What the task requires:
Would you copy out the following entries exactly, without any of the pictures?

Material shown:
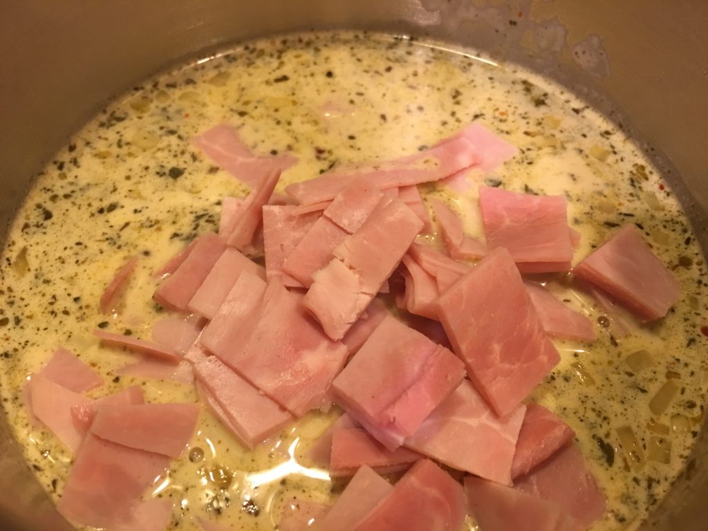 Die Schinkenwürfel dazugeben und die Sauce kurz aufkochen lassen.
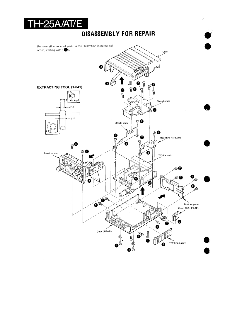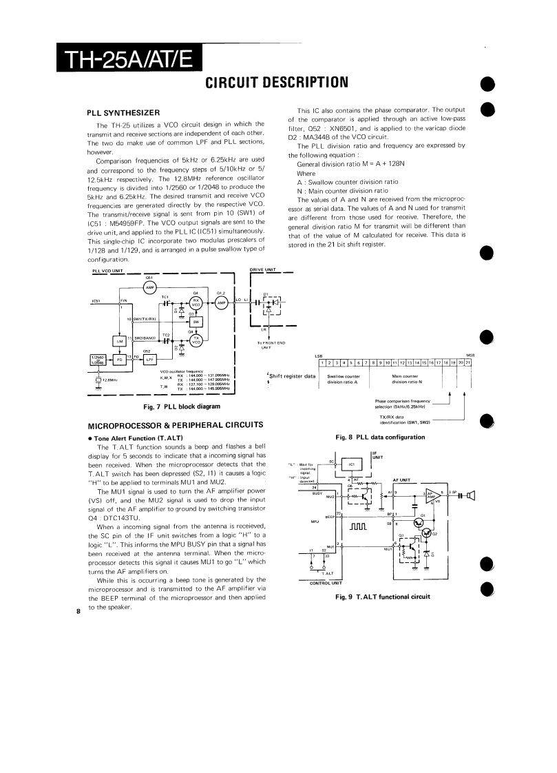 2-m FM HANDHELD TRANSCEIVERTH-25A/AT/EKENWOODSERVICE MANUALC1987-12PRINTED IN JAPANB51-3253-00(01573CONTENTSDISASSEMBLY FOR REPA1R,,,·,,,······2CIRCUIT DESCRIPTION,,·······gSEMICONDUCTOR DATA,,,,,,,,.,,,,,,.,··.····.·0DESCRIPTION OF COMPONENTS,.····.·.···:·:.,.,·,,,,PARTS LISTD1 SASSEBLY,,··始PACKING..29ADJUSTMENT .....................................30PC BOARD VIEWS/CIRCUIT DIAGRAMAVR UN1T{X58.3200-10l31FUN1T(X583210-11…3APC UN1T(X58-3220-10)...·....·.·..·.·.,...,,,,,PLL UN1TX58-3230-10),,,,,,,,,,,,,,,,·,·····MIC AMP UNIT [X59-3300-XX1.........................AFA4PUN1T(X59-331010)......·.····.·.·..··..,,3FR0NT-END UN1T{X59-3320-10).,.···.··.·.·.·..·.·..DRIVE UN1T{X59-3330-10)..,....·................,41SIGNALING UNIT (X52-3090-10)CONTROL UNIT (X53-3080-XX)........................TX-RXUN1T{X573160-XX).,.,·...·....·.·........,,4SCHEMATIC DIAGRAM,·.······.····:···,,,·7BLOCK DIAGRAMLEVEL DIAGRAM50TERMINAL FUNCTIONS,,,··-········。·········BC-9(BATTERY CHARGER)1BC-10(COMPACT CHARGER)BC-11 (RAPID CHARGER)..BT-6 (AAA MANGANESE/ALKALINE BATTERY CASE)........DC.1 DC ADAPTER).,,,,,,,,,,,,,,,,,,,63HMC-2 (HEAD SET WITH VOX PTT)PB-5/6/7/8/9(Ni-Cd BATTERY).····.·.·.·.·...·SC14/15/16s0 FT CASE).·..··..·.·.·.·..:·....:..,6SMC31 SPEAKER MICROPHONE).··.···········.··,·,·TSU6(CTCSS UNIT.·.·········MB-5 (MOBILE BRACKET)..............................WR.1 WATERPROOF CASE).·...,,.,.,,.,,,,,,,,,,,,,,,71SPECIFICATIONS............................BACK COVERPhoto is TH-25AT.方
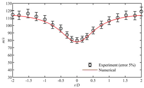 Comparison of experimental (with 5% error) and numerical simulation results for the radial velocity distribution at 0.5D from stagnation point on a no-screen thermocouple (NST).
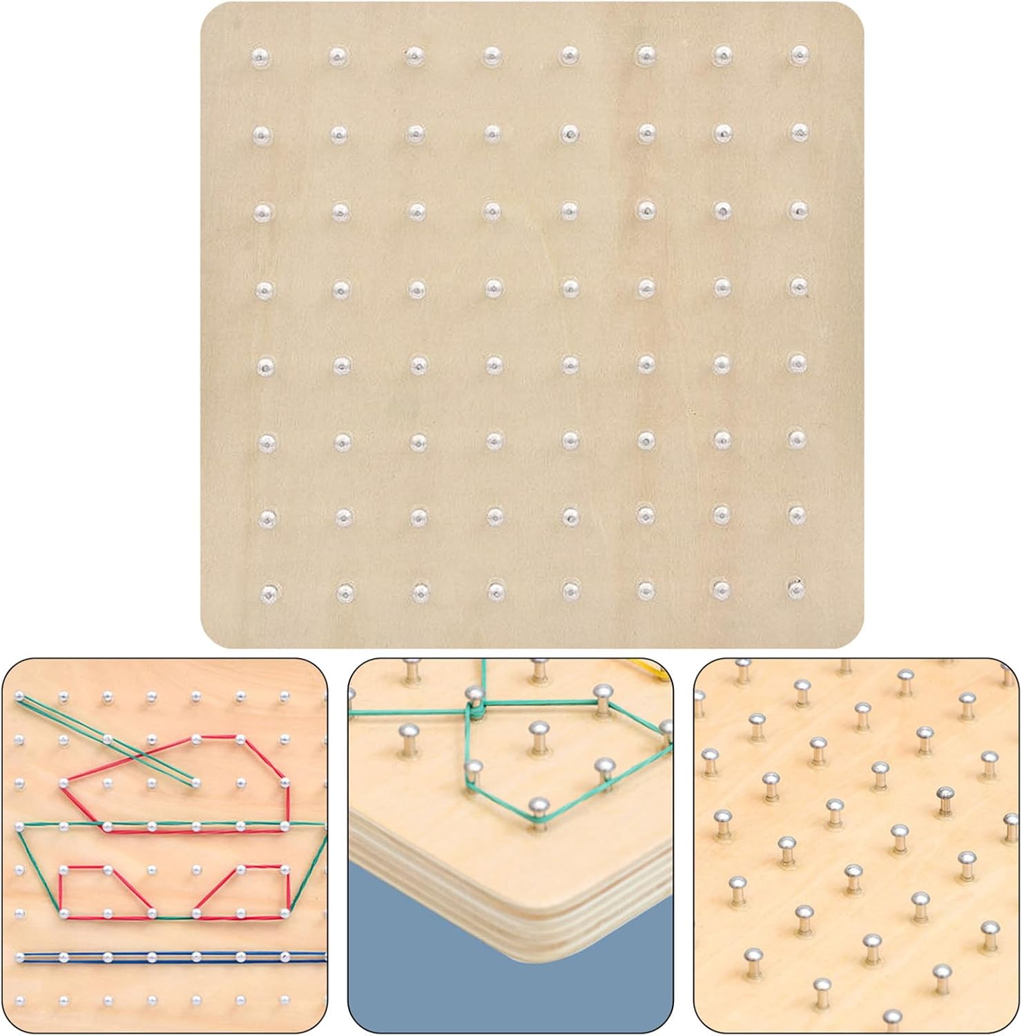 【Giocattolo sicuro】 Questo è un Geo Board For Classroom sicuro perché sono incorporati 64 chiodi rotondi, l'elastico è abbastanza forte e il design degli angoli arrotondati garantisce un tocco sicuro 【Miglioramento delle capacità motorie fini】 Costruisci forme diverse sui Geoboard con elastici in base alle carte , in modo da coltivare le capacità motorie dei bambini e la coordinazione occhio-mano 【Giocattoli per la prima educazione】Poiché Geo Board Set può costruire abilità di differenza di colore e dimensioni nelle forme e aiutare i bambini a imparare a modellare e colorare, questo è un giocattolo per la prima educazione adatto a bambini di età compresa tra 3 e 6 anni, 【Informazioni sulle forme geometriche astratte】 TheRubber Band Board è progettato per avere forme geometriche astratte davanti e dietro. La giustapposizione deliberata aiuta i bambini a sviluppare il pensiero geometrico astratto 【Molti usi】 Geoboard in legno ha una vasta gamma di conoscenze di apprendimento, oltre all'apprendimento della geometria in età prescolare, una varietà di oggetti diversi può aiutare i bambini a imparare il vocabolario di oggetti di uso quotidiano, come animali, veicoli, verdure, ecc.
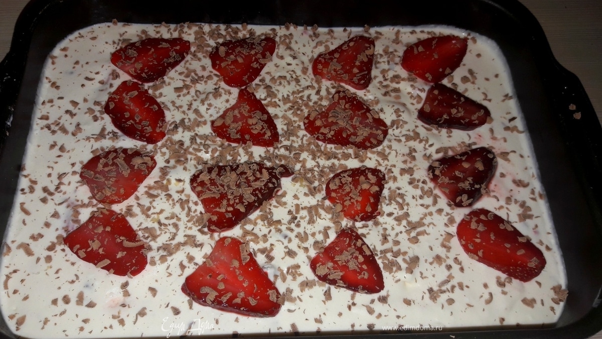 Клубнику нарезать слайсами и маленькими кусочками. Часть шоколада измельчить. - Шаг 4
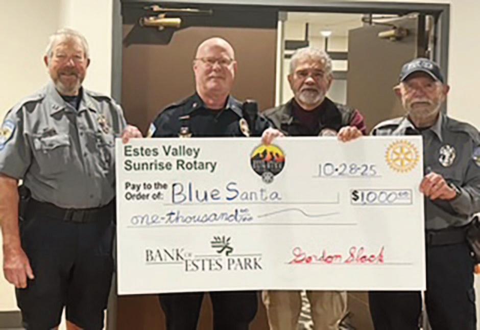 Every holiday season, the Blue Santa Program collects non-perishable food, gifts, and hygiene products for disabled, shut-in, and elderly community members. Blue Santa is sponsored by the Estes Park Police Auxiliary. The program depends on donations to give these community members a little extra cheer at this time of year. And every year, the Estes Park Sunrise Rotary donates $1,000 to support the Blue Santa Program.
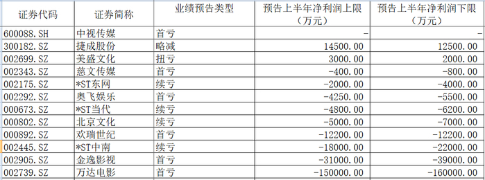 Wind统计显示,12家公布2020年上半年业绩预告的影视动漫(申万行业类)上市公司,首亏企业包括万达电影、金逸影视等6家,继亏企业包括北京文化、*ST当代等4家。
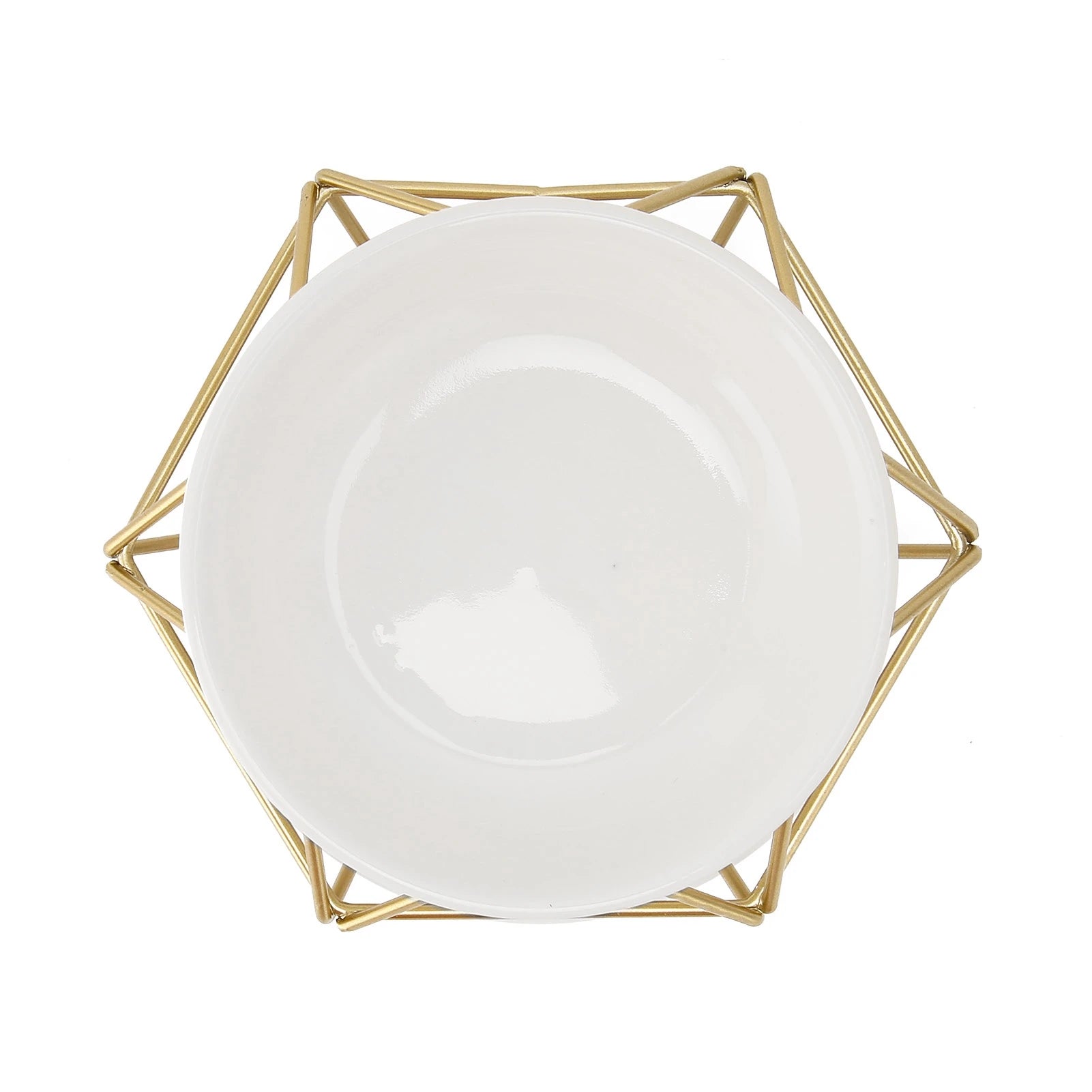 - Elegant, modern design – The golden hollow-out iron frame paired with a white ceramic bowl creates a chic, minimalist look that complements any interior style.

Result of the task:
 Die Schinkenwürfel dazugeben und die Sauce kurz aufkochen lassen.
 2-m FM HANDHELD TRANSCEIVERTH-25A/AT/EKENWOODSERVICE MANUALC1987-12PRINTED IN JAPANB51-3253-00(01573CONTENTSDISASSEMBLY FOR REPA1R,,,·,,,······2CIRCUIT DESCRIPTION,,·······gSEMICONDUCTOR DATA,,,,,,,,.,,,,,,.,··.····.·0DESCRIPTION OF COMPONENTS,.····.·.···:·:.,.,·,,,,PARTS LISTD1 SASSEBLY,,··始PACKING..29ADJUSTMENT .....................................30PC BOARD VIEWS/CIRCUIT DIAGRAMAVR UN1T{X58.3200-10l31FUN1T(X583210-11…3APC UN1T(X58-3220-10)...·....·.·..·.·.,...,,,,,PLL UN1TX58-3230-10),,,,,,,,,,,,,,,,·,·····MIC AMP UNIT [X59-3300-XX1.........................AFA4PUN1T(X59-331010)......·.····.·.·..··..,,3FR0NT-END UN1T{X59-3320-10).,.···.··.·.·.·..·.·..DRIVE UN1T{X59-3330-10)..,....·................,41SIGNALING UNIT (X52-3090-10)CONTROL UNIT (X53-3080-XX)........................TX-RXUN1T{X573160-XX).,.,·...·....·.·........,,4SCHEMATIC DIAGRAM,·.······.····:···,,,·7BLOCK DIAGRAMLEVEL DIAGRAM50TERMINAL FUNCTIONS,,,··-········。·········BC-9(BATTERY CHARGER)1BC-10(COMPACT CHARGER)BC-11 (RAPID CHARGER)..BT-6 (AAA MANGANESE/ALKALINE BATTERY CASE)........DC.1 DC ADAPTER).,,,,,,,,,,,,,,,,,,,63HMC-2 (HEAD SET WITH VOX PTT)PB-5/6/7/8/9(Ni-Cd BATTERY).····.·.·.·.·...·SC14/15/16s0 FT CASE).·..··..·.·.·.·..:·....:..,6SMC31 SPEAKER MICROPHONE).··.···········.··,·,·TSU6(CTCSS UNIT.·.·········MB-5 (MOBILE BRACKET)..............................WR.1 WATERPROOF CASE).·...,,.,.,,.,,,,,,,,,,,,,,,71SPECIFICATIONS............................BACK COVERPhoto is TH-25AT.方
 Comparison of experimental (with 5% error) and numerical simulation results for the radial velocity distribution at 0.5D from stagnation point on a no-screen thermocouple (NST).
 【Giocattolo sicuro】 Questo è un Geo Board For Classroom sicuro perché sono incorporati 64 chiodi rotondi, l'elastico è abbastanza forte e il design degli angoli arrotondati garantisce un tocco sicuro 【Miglioramento delle capacità motorie fini】 Costruisci forme diverse sui Geoboard con elastici in base alle carte , in modo da coltivare le capacità motorie dei bambini e la coordinazione occhio-mano 【Giocattoli per la prima educazione】Poiché Geo Board Set può costruire abilità di differenza di colore e dimensioni nelle forme e aiutare i bambini a imparare a modellare e colorare, questo è un giocattolo per la prima educazione adatto a bambini di età compresa tra 3 e 6 anni, 【Informazioni sulle forme geometriche astratte】 TheRubber Band Board è progettato per avere forme geometriche astratte davanti e dietro. La giustapposizione deliberata aiuta i bambini a sviluppare il pensiero geometrico astratto 【Molti usi】 Geoboard in legno ha una vasta gamma di conoscenze di apprendimento, oltre all'apprendimento della geometria in età prescolare, una varietà di oggetti diversi può aiutare i bambini a imparare il vocabolario di oggetti di uso quotidiano, come animali, veicoli, verdure, ecc.
 Клубнику нарезать слайсами и маленькими кусочками. Часть шоколада измельчить. - Шаг 4
 Every holiday season, the Blue Santa Program collects non-perishable food, gifts, and hygiene products for disabled, shut-in, and elderly community members. Blue Santa is sponsored by the Estes Park Police Auxiliary. The program depends on donations to give these community members a little extra cheer at this time of year. And every year, the Estes Park Sunrise Rotary donates $1,000 to support the Blue Santa Program.
 Wind统计显示,12家公布2020年上半年业绩预告的影视动漫(申万行业类)上市公司,首亏企业包括万达电影、金逸影视等6家,继亏企业包括北京文化、*ST当代等4家。
 - Elegant, modern design – The golden hollow-out iron frame paired with a white ceramic bowl creates a chic, minimalist look that complements any interior style.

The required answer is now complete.